World reacts to 'historic landslide' victory of Jacinda Ardern and the Labour Party

October 18, 2020

The Labour leader, in a speech to party faithful at Auckland Town Hall, pledged to rebuild New Zealand stronger following the pandemic.

The “landslide victory” of Jacinda Ardern and the Labour Party in the 2020 election is making headlines around the world.

It was revealed last night that Ardern would remain as New Zealand’s Prime Minister for another three years, with her party taking 49 per cent of votes.

Today, the world’s media has reacted to the sweeping win.

In the United Kingdom, the result made the cut for the BBC’s home page where it was dubbed a “landslide victory”.

The Guardian mentioned the fact that Kiwis had given Labour “more votes than at any other election in past five decades”. The news agency also commended Ardern's partner Clarke Gayford for delivering food to media outside their home on election night. 

Sky News said Ardern’s popularity had “soared earlier this year” for leading a “successful effort to combat the coronavirus crisis”.

United States news agency Slate said Ardern had “easily won a second term”, while the New York Times said, “The global left had fallen hard for Prime Minister Jacinda Ardern of New Zealand”.

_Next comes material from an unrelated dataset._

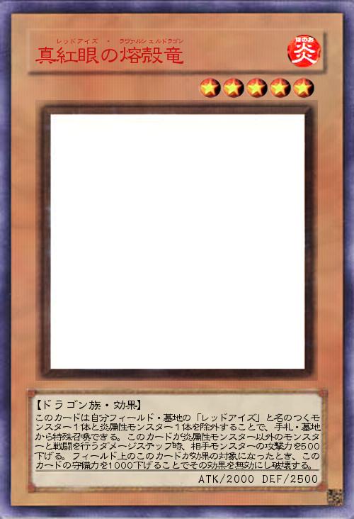 | このカードは自分フィールド・墓地の「レッドアイズ」と名のつくモンスター1体と炎属性モンスター1体を除外することで、手札・墓地から特殊召喚できる。このカードが炎属性モンスター以外のモンスターと戦闘を行うダメージステップ時、相手モンスターの攻撃力を500下げる。フィールド上のこのカードが効果の対象になったとき、このカードの守備力を1000下げることでその効果を無効にし破壊する。 | |||

Huffington Post commended the leader for storming to re-election, ushering in “New Zealand’s first purely left-leaning government in decades”, and turning speaking from the heart and smiling through adversity into a “winning formula for a blowout re-election”.

Across the ditch in Australia, Nine News dubbed the win "historic", as the "Labour Party scored it's greatest result in 50 years".

Analysis from another Aussie news site, news.com.au, said Ardern had been expected to do well "but not this well".

"Jacinda Ardern’s Labour Party has won the New Zealand election – and then some," the story's first line read.